Nosotros sabemos bien por nuestra fe que esta vida nos ha sido ofrecida para conquistar desde aquí la eternidad. Sabemos que Jesucristo, nuestro Dios y Señor, fundó su Iglesia y junto con ella la posibilidad de salvarnos para siempre, de llegar al Paraíso y quedarnos junto a Él maravillosa e irrevocablemente, para lo cual Él mismo abrió las puertas del Cielo y nos dejó su gracia a cambio de fidelidad, perseverancia, arrepentimiento y conversión si es necesario, reparación y trabajo espiritual, precio nada alto si consideramos con profundidad sus inefables consecuencias. Pero así también, junto a esta innegable realidad de la dicha eterna, se encuentra también para nosotros, a lo largo de la vida, aquella otra que es penosamente terrible, y nos referimos a la del fracaso absoluto, e irreversible también, de la posibilidad de la condenación eterna, consecuencia justa y lógica también para aquel que haya tomado la decisión de alejarse de Dios, sea abandonando su Iglesia, sea abandonando su gracia (su amistad), sea rechazándolo abiertamente… o más o menos implícitamente. El punto aquí es que la respuesta definitiva nos llegará el día de pasar de este mundo al otro, cuando hayamos cerrado por última vez los ojos en esta vida para abrirlos tras el velo de lo finito y temporal, donde nuestro Señor Jesucristo se nos presentará con toda claridad, y pondrá delante de nosotros todas nuestras obras para ser juzgadas y pesadas en la balanza de la justicia, donde nosotros mismos veremos hacia qué lado se inclina y qué es lo que hemos llegado a merecer.

Dios mismo es quien nos juzgará, sí, pero no olvidemos que serán nuestras acciones las que determinen nuestro destino postrero; y si éstas han sido buenas, pues habrá Cielo para nosotros, y si han sido malas, pues habrá condena. Todo esto está en juego según las obras que hagamos entre hoy y el día de nuestra muerte.

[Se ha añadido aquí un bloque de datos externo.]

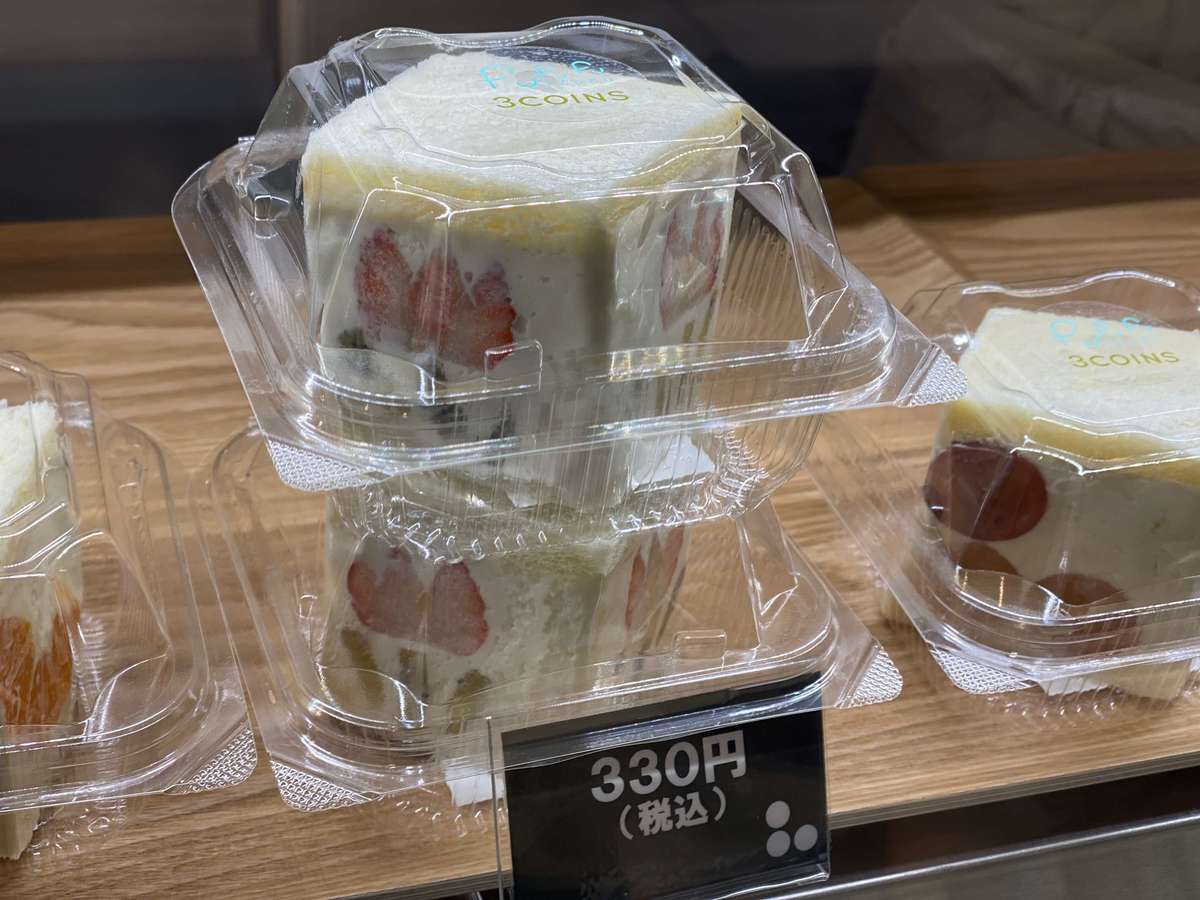 フルーツサンドといえば、ちょっと高級でなかなか食べる機会がなかったのですが、さすが3COINS!なんと330円でこんなに可愛らしいフルーツサンドが 買えちゃうんです。

Con esta reflexión, en tiempos donde la popularidad del pecado es tan abrumadora, tan grotesca su promoción y tan perseguida y condenada en tantos lugares la virtud, sin embargo, no pretendemos ser pesimistas ni pusilánimes, sino todo lo contrario, ya que debemos ser muy conscientes de que el día de nuestro juicio personal, delante del mismo Dios, somos nosotros mismos quienes lo vamos “diseñando a nuestra voluntad”; y es por eso que si hay falencias, si hay errores, si hay heridas, ¡si hay pecados, e incluso incontables pecados!, debemos enderezar las cosas y contrarrestar las más terribles consecuencias a fuerza de arrepentimiento, de reparación, de conversión; y si vemos el mal en nosotros hay que decidirse a echarlo fuera; si hemos hecho mucho mal pues debemos hacer desde ahora mucho bien, lo más que podamos; y si le cerramos alguna vez las puertas de nuestra alma a Dios, debemos abrirlas de par en par a partir de ahora, y “ordenar la casa” para que Él se sienta cómodo y se dedique gustosamente a acomodarlo todo.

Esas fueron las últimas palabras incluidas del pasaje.